When reading proposals for creating AI, few researchers discuss (at least
publicly) the idea of simulating hunger or pain. How are we going to create
intelligence without simulating qualitative experiences which give rise to the
basic drives of avoidance and desire, which intelligence helps to fulfill?

At the risk of stating the obvious, a cat brain is about 3 orders of magnitude
smaller than a human's, but most will agree that a cat has personality (maybe
mice do too, but I've never kept one). What we really want to create with AI
is something that has enough personality for us to form a relationship with it
which does not require us to pre-abstract our communication. So we would be
far better off building something about as capable as (and no more dangerous)

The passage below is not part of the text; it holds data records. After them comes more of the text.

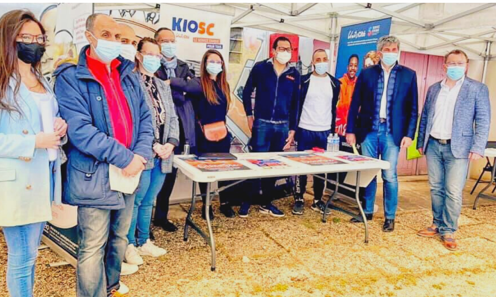
Image : L'équipe KIOSC présente au Forum Flash Emploi le 05 Mai 2021 aux Près-Saint-Jean avec 19 autres partenaires
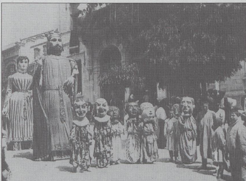
Nans i gegants de Sitges de principis del segle XX

Un dels trets més característics de la festa major de Vic és l'aparició dels Llúpies. Es tracta d'una estraforària família de capgrossos formada pel Merma, la Vella i el Nen, que representen el marit, la muller i un fill. Els dos homes van armats d'unes xurriaques amb les quals peguen la canalla que els surt al pas i els escri-
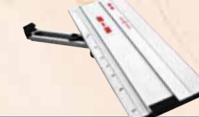
Battuta angolare F-WA

lunghezza di taglio max. 770 mm Cod. art. 204378
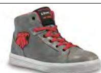
PREDATOR - S. 13
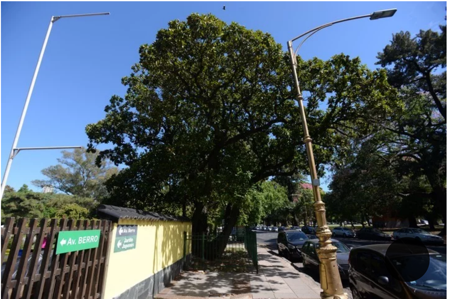
Nube verde. La magnolia de Avellaneda, en Berro, a metros del ingreso al Jardín Japonés. / Luciano Thieberger

4) Magnolias del Protomedicato. Son dos. Y son lo único original que queda aquí del siglo XVIII, cuando vivían miembros de la orden religiosa de los betlemitas. Desde Turismo de la Ciudad, indican que en el Virreinato funcionó en este espacio el Protomedicato -que regulaba la medicina- y entre 1858-1887, la escuela pionera de esa disciplina en Buenos Aires. Hoy se conservan en uno de los patios de la Escuela Rawson, ubicada en Humberto Primo 343, al lado de la Iglesia San Pedro Telmo.
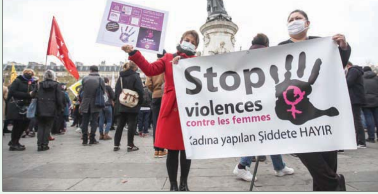
مظاهرات تتجمع في ساحة «لا ريبابليك» بباريس في اليوم العالمي المناهضة للعنف ضد المرأة

وتضمن البرنامج، بحسب بيان الجامعة، محاضرات علمية وعملية، للتدريب على كافة سبل مواجهة العنف ضد المرأة، وكيفية التعامل معه على المستوى القانوني أو النفسي أو الصحي أو الرياضي. وحقق المسلسل المصري «الآن» الذي يهتم بمعالجة قضايا النساء في مصر، عبر عرض سلسلة كتابات منفصلة، كل حكاية مكونة من 10 حلقات، تناقش كل منها أزمة محددة، انتشرت لاحقاً في مصر بالآونة الأخيرة، ما دفع «المجلس القومي للمرأة» المصري للإشادة به، وبدوره المهيم. وقالت الدكتورة مايا مرسى، رئيسة المجلس في بيان صحافي أمس، إن «وحدة الرصد الإعلامي بالمجلس تقوم برصد وتحليل حلقات المسلسل، في إطار دورها في متابعة صورة المرأة بجميع وسائل الإعلام الدراما، لافتة إلى أن النجاح الذي حققه المسلسل يصب في صالح المرأة من خلال نشر الوعي بقضاياها؛ حيث إن الدراما هي أقصر الطرق لنشر الوعي بقضايا المجتمع والمرأة بشكل خاص».
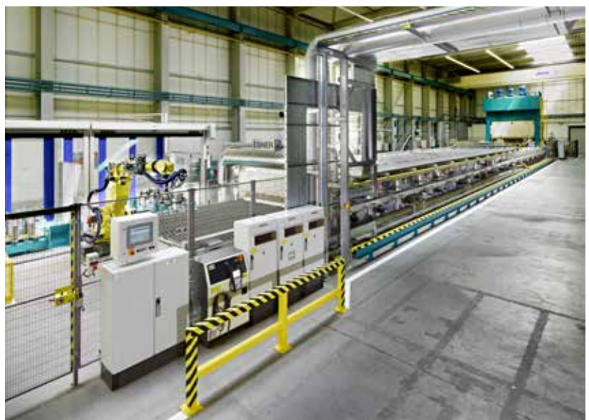
GEDIA Poland. Polen.

Durch die von EBNER angebotene Hybridheizung können Investitionen sowie Laufkosten niedrig gehalten werden.
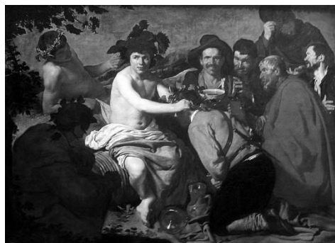
Diego Velázquez. O triunfo de Baco , 1629, óleo sobre tela, 165 cm × 225 cm, Museu do Prado, Madri.
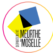
Conseil départemental de Meurthe-et-Moselle
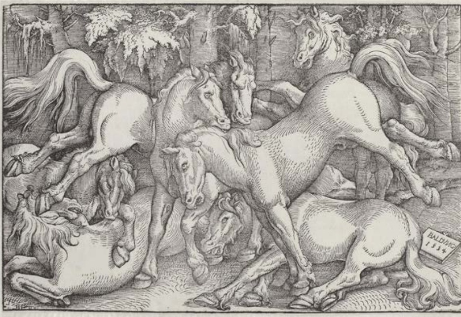
FIGUUR 2 ‘Wilde’ paarden vrij rondlopend in het bos. Gravure van Hans Baldung, 1534 (afbeelding: publiek domein).
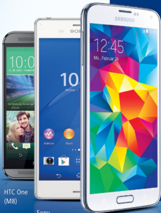
HTC One (M8)
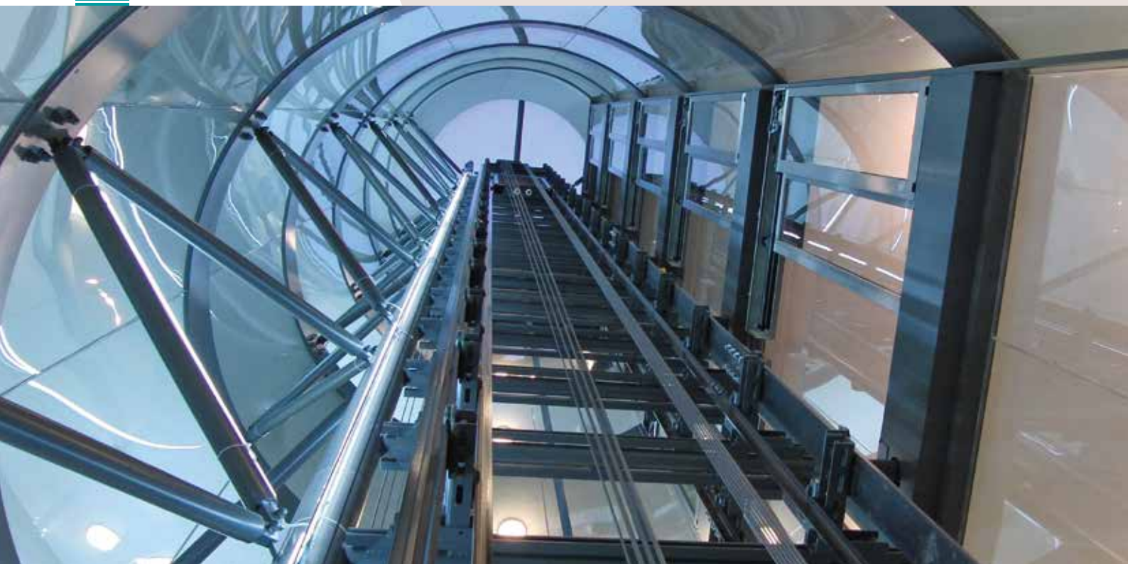
Ceramique, Maastricht, Niederlande, Typ: JADE
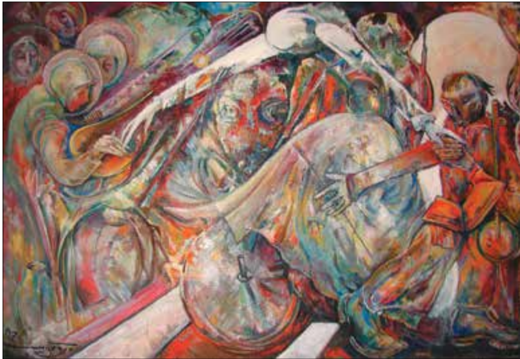
Նադաշ Հովնաթանի մանկությունը, 200 x 100, կգ. յուղ., 2009թ.
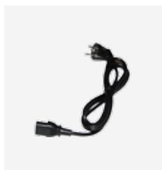
Cordon d'alimentation PTR Art. Nº 075 664
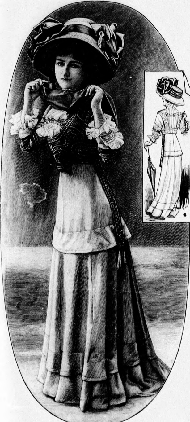
85-86. sz. Elegáns ruha; a derék és alj egybedolgozva, divatos mideresalaj csipőpánt utánzattal és zekedisszel.
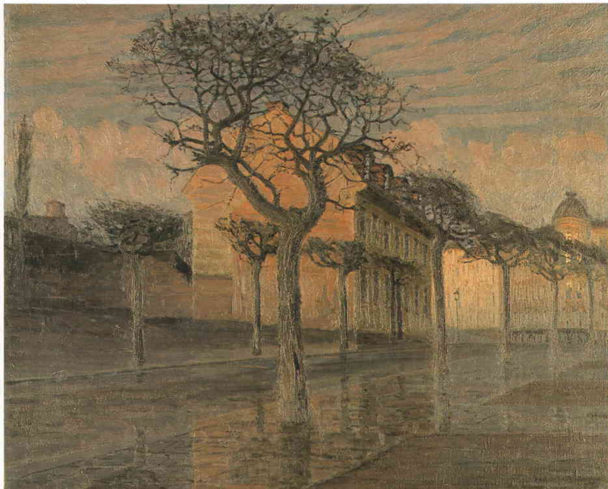
Norrtullsgatan. Oljemålning av Aron Gerle 1907. Tillhör SSM.

”Vi råkas i lövsalen till världshuset... om en stund.”
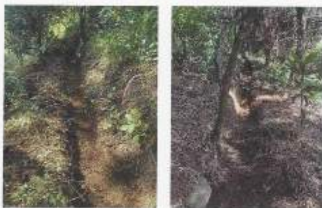
Foto 11 y 12. Estado actual de las acequias con mantenimiento (fotografías de meses anteriores).

Durante el mes no se realizó ningún trabajo a las estructuras de conservación de suelos, debido a que se inició con el mantenimiento de reforestaciones aprovechando la temporada de lluvias. El mantenimiento se iniciará en diciembre, ya cuando las lluvias han disminuido y las condiciones del suelo son más favorables para realizar dicha actividad, posterior al mantenimiento de brechas corta-fuegos.
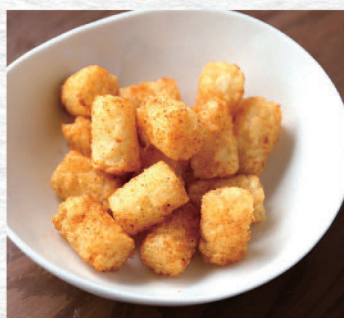
ころころハッシュドポテト(カレー風味) ¥380 Small Hash Browns (Curry Flavor)
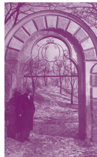
Zničená vrata na židovském hřbitově v Uherském Brodě

than a cat, and building 10 of them, which we can then play with and try to
train. We can probably dump a whole lot of brainspace since we don't need to
simulate the full complexity of an endocrine system etc etc; but we do need
our ACats to have enough autonomy to get itself into trouble. We are never
going to develop a machine that thinks if we don't give it something to think
about, and it will never have anything worth thinking about if it doesn't have
a sense of self, and it won't develop that without having to make decisions
which feed back its qualitative experience.

I am not an adherent of Searle's Chinese room argument, but on the other hand
asking the guy in the room whether he prefers noodles or rice is devoid of
meaning if he subsists on an endless supply of burgers and fries; all you get
int hat case is an expert system which parses Chinese but has nothing of note
to say in that language.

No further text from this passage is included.